尹錫悦(ユン・ソンニョル)前大統領夫人の金建希(キム・ゴンヒ)氏を巡る京畿道楊平郡の「公興地区開発便宜供与疑惑」で取り調べを受けていた公務員の男性(57)が自宅で死亡しているのが発見されたことに関連し、金建希氏を巡る特別検察官が強圧的な捜査のほか、深夜に違法な取り調べを行った疑いが強まっている。
【表】取り調べ受けた公務員男性が自死 特別検察官と遺族側の主張
死亡したのは楊平郡庁に勤務する男性(57)。男性に対する捜査は、判事から選出された特別検察官補と検察経歴のない弁護士2人、警察官で構成された捜査班が担当した。捜査班の構成が無理な捜査につながったのではないかとする指摘が法律専門家の間から出ている。警察は死因を解明するため、13日にも男性の司法解剖を行う予定だ。男性が残した遺書を遺族に公開していないことも論議を呼んでいる。
■強圧捜査、深夜の取り調べはあったのか
男性は2日午前10時から特別検察官による取り調べを受け、深夜午前0時を過ぎてようやく取り調べ室を出た。男性は3日午前3時20分ごろ、自宅で「知らない、覚えていないと言っても急き立てる。事実を言っても嘘だという」「捜査官の強圧で全く記憶にもない供述をした」「郡守(郡の首長)の指示は特になかったと言っても追及された」 といったメッセージを残した。
問題の疑惑は金建希氏の家族が経営するESI&Dが2011年から16年にかけ、楊平郡公興里一帯の開発事業を行うに当たり、開発負担金の免除などを受けたとされるものだ。
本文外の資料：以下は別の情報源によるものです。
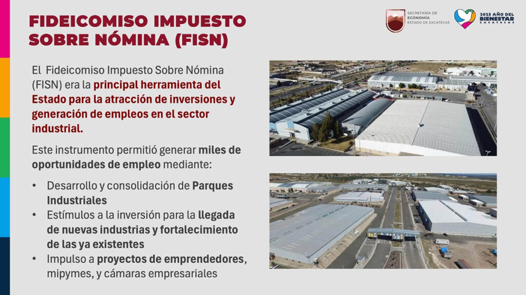 El Secretario de Economía, Jorge Miranda Castro, explicó que el Impuesto Sobre Nómina, que grava las remuneraciones recibidas por los trabajadores subordinados, anteriormente se canalizaba en su totalidad a través del Fideicomiso Impuesto Sobre Nómina (FISN), un fideicomiso público orientado a impulsar las inversiones productivas en Zacatecas.

特別検察官は郡側で事業の担当責任者だった男性に、当時楊平郡長だった金善教(キム·ソンギョ)国会議員(国民の力)の指示があったという供述を強要したと受け止められている。これについて、特別検察官は「既に別人から得た供述を確認するための取り調べだったので、強圧的な雰囲気ではなく、(男性を)懐柔する必要もなかった」としている。
法律専門家は「他の事件関係者の供述を確認するために深夜まで取り調べを行ったのは、欲しい供述が聞かれるまで同じ質問を繰り返したのではないか」と疑問を呈した。
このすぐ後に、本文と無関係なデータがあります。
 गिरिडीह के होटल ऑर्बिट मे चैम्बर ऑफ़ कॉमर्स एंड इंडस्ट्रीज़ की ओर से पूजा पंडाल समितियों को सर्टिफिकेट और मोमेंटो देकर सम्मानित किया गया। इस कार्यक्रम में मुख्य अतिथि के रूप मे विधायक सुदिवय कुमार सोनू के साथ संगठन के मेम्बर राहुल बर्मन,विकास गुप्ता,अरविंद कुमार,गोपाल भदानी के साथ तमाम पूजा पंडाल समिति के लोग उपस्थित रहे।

深夜に取り調べを行ったことの適法性も論議を呼んでいる。人権保護捜査規則などによれば、午後9時から午前6時までは取り調べを原則的に禁止するが、被疑者などの要求がある場合、深夜に取り調べを行うことも可能だと定めている。男性側のパク・キョンホ弁護士は「取り調べの翌日、男性は同意なしに深夜の取り調べを受けたと話した」と主張した。しかし、特別検察官は2日午後8時50分ごろ、男性の同意を得て取り調べを行ったとの立場だ。取り調べ終了時刻についても、男性側は3日午前1時15分に終了したと主張したが、特別検察官は2日午後10時40分に終了し、11時10分から調書閲覧が始まり、3日午前0時52分ごろに全ての手続きが終わったと説明した。男性は自筆のメモに「12時が過ぎたのに捜査(取り調べ)を続けた」と書いた。